# In this thread...



## Drew (Nov 3, 2007)

...Chris will most likely NOT have his 20,000th post, as I suspect he's got something suitably epic planned, but I just wanted to call attention to the fact that I'm about to be no longer the only idiot who spents way too much time slacking off at work on these boards.


----------



## cadenhead (Nov 3, 2007)

I spend a lot of time slacking off here at work as well. 

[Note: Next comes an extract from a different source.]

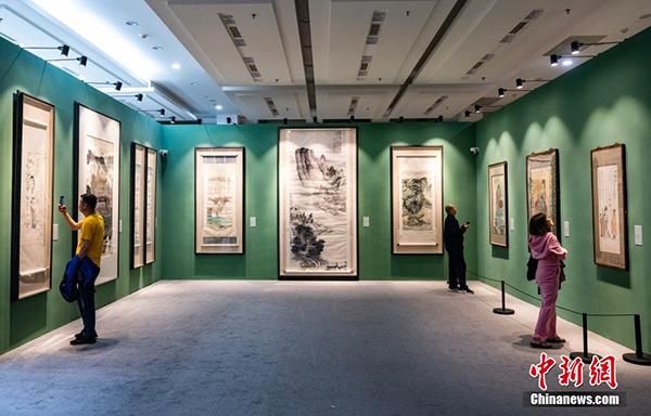 4月13日,市民在北京榮寶齋欣賞在此舉辦的“南張北齊——張大千齊白石書畫藝術特展”。本次特展精選張大千與齊白石一生早、中、晚三個時期,近五十件(組)佳作,完整地涵蓋了兩位世紀巨匠各個時期的創(chuàng)作面貌。圖為觀眾參觀齊白石《梅石圖》《荔枝圖》(左一、左二)和張大千《夏山高隱圖》《峨眉接引殿》(右二、右一)。中新社記者 侯宇 攝

I just don't post much as I don't usually have anything constructive to say.


----------



## Rick (Nov 3, 2007)

Drew said:


> ...Chris will most likely NOT have his 20,000th post, as I suspect he's got something suitably epic planned, but I just wanted to call attention to the fact that I'm about to be no longer the only idiot who spents way too much time slacking off at work on these boards.



Uh, I think a lot of us spend way too much time slacking off at work on these boards.


----------



## Chris (Nov 3, 2007)

Drew Peterson is my hero.


----------



## playstopause (Nov 3, 2007)

Chris + Drew > *


----------



## D-EJ915 (Nov 3, 2007)

props


----------



## Metal Ken (Nov 3, 2007)

I'm only about 1900 posts behind chris... :/


----------



## Drew (Nov 4, 2007)

Chris said:


> Drew Peterson is my hero.


----------



## The Dark Wolf (Nov 4, 2007)

Awww...


----------



## ZeroSignal (Nov 4, 2007)

Then why aren't you two in the 100K thread?!?!


----------



## The Dark Wolf (Nov 4, 2007)

ZeroSignal said:


> Then why aren't you two in the 100K thread?!?!



Place for neeeewbs.


I'm your new god.


----------



## D-EJ915 (Nov 4, 2007)

ZeroSignal said:


> Then why aren't you two in the 100K thread?!?!


off-topic posts don't count? they whore for the post count, I whore for the feeling


----------